The email analogy is very apt - companies send all of their secrets to other peoples' computers for processing (cloud compute, email, etc.) without any issue. BUT there's a big caveat: abuse moderation. Prompts, including API calls, are normally stored by OpenAI/MS/etc. for a certain period and may be viewed by a human to check for abuse (e.g. using the system to do phishing requests). This causes significant issues when it comes to certain type of data. Worth nothing that the moderation by default approach is in the proces of being dialed down, and there are now top tier enterprise plans that are no longer moderated by 3rd parties by default.

TL;DR: The concern stems from an early loss of trust (Samsung), but there is a valid issue for certain types of data (abuse moderation), but there are ways around it if you have enough money (enterprise plans).

hypoxia | 3 years ago | on: Canada to ban foreigners from buying homes

Open auctions will help.

In the last year, we've ended up #2 in 6 bidding wars (as disclosed by the listing agents) in one particular area of the GTA. In each case we reached our absolute max and wouldn't have paid any more.

Several times we lost by $100-200k, and once by $250k. These overpayments set new price benchmarks for the area which became sticky.
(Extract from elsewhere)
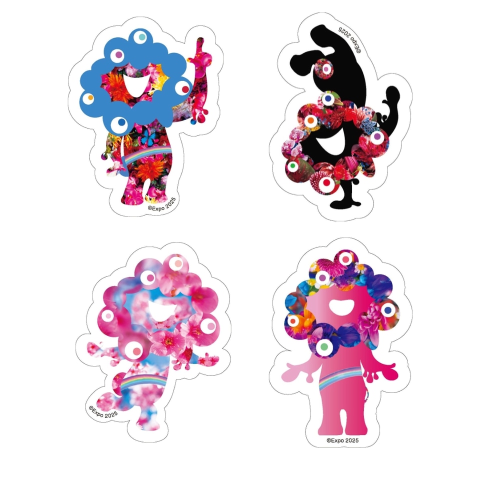 大阪・関西万博公式キャラクター「ミャクミャク」を、写真家・映画監督の蜷川実花氏が自身の作品を用いてデザインしたステッカーセット4枚組。パッケージのサイズは100×100mm、ステッカー本体のサイズは最大66×85mm。ロゴ入りスライダーケースが付属する。
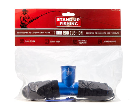 The Stand Up Fishing "T-Bar Rod Cushion is the ultimate combination of a rod cushion and a traditional fighting belt. Engineered to leverage the fight, the T-shaped design distributes the pressure exerted from your rod butt, stopping the rod from digging into your body. With comfortable foam padding, there will be no more bruises! Like any standard fighting belt, the "T-Bar Rod Cushion" has a pin to lock into the gimbal of your rod. The angler has the option to place the rod on either leg or lower belly during the fight. Unlike traditional foam cushions, the "T-Bar Rod Cushion" is constructed with strong, lightweight aluminum that is built to handle billfish, tuna, mahi, grouper, tarpon and everything else in between. Bulky fighting belts are now a thing of the past! Go Stand Up & Fish!

To continue to be competitive, we had to make hard sacrifices to increase our budget throughout the year.

The fact that houses continued to move at the prices determined by these over-payments indicates there are some buyers at the higher prices. However, the market is very thin and the pace of price growth in this speculative market would've been slowed with open bidding.

Beyond the blind bidding issue, I don't know why people focus on foreign and large corporate buyers. Yes, they're scary because they represent potentially large sources of demand. But are they actually buying a large percentage of the homes? No. It's the smaller investors who speculatively bought 40% of homes last fall.

But we should definitely protect mom and pop investors, such as our housing minister wink

Real solution? Reduce the incentive for speculation among these groups by treating all gains on non-primary residences as income.